Really, one could hardly say that Millette was mentioned in Jenkins' piece. He is never mentioned in the text. His name appears four times in the references as co-author of two different reports (one of which is cited three times). There is also a photograph of him, for no obvious reason. The allegation that Jenkins' write-up "prominently features" him is risible, if one is in a good mood.
 
So, let's hope that someone will summarize why Jim Millette was not really criticized in Jenkins' study (although this study was not really important, to my opinion).

But, according to Kevin Ryan, Jim has another problem, before releasing of any results: his study is suspiciously cheap (actually, this objection of truthers has been expected here).

Quote:
"The question remains — why did Mohr give Millette $1,000 (if he did)?
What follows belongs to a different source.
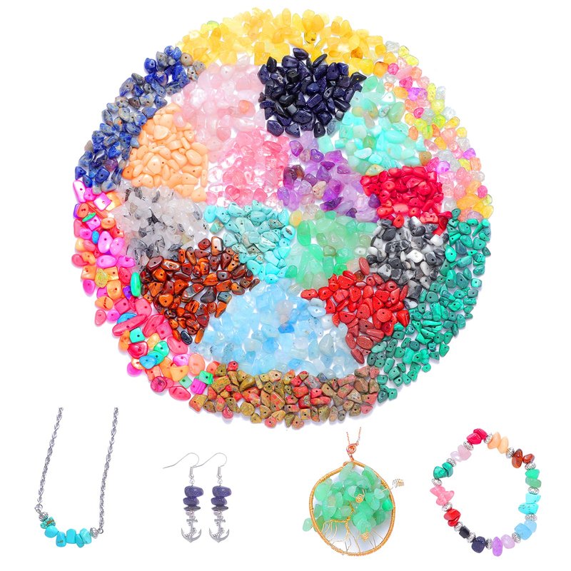 - [All-in-one Jewelry Making Kit] The jewelry making kit includes about 1200 PCS chips gemstone beads of 20 assorted colors, 170 PCS silver cute pendants (7 Kind of Shape) , 50 x Earring Hooks, 50 x T-Head Pins, 50 x 9-Head Pins, 10 x Lobster Clasps, 50 x Silver Jump Rings, 3 x Jewelry Wire(Clear/Silver/Gold) and 1 x Tweezers, 1 x Jump Ring Opener Tool, 1 x Flat Nose Pliers, packed in a 24 grids box, it's a perfect bracelet making kit for adults, girls

It couldn’t possibly be for the actual lab work which would require several times that amount. Millette does get much more than that from the federal government each year ($117,000 in 2002 alone) so maybe he doesn’t need the money.

More importantly, Mohr didn’t even send Millette samples!

It seems we’re all going “hmmm” already."

Hmmm...:cool::rolleyes:

Well old Kevin is certainly giving up any pretense of scientific analysis isn't he with his grossly misleading blog posts, isn't he.

"Three years ago, an international team of scientists published a scientific paper that established the presence of thermitic residues in the dust from the World Trade Center (WTC) catastrophe."

Curiously, Water Boy does not mention that he was one of the cracker jack international team of scientists who conclusively proved that whatever they were studying, it was not therm*te.

Man, Kevin, I hope you use one of those water proof keyboards, because the flop sweat from your fear of being exposed by a scientific analysis of your test results is obvious.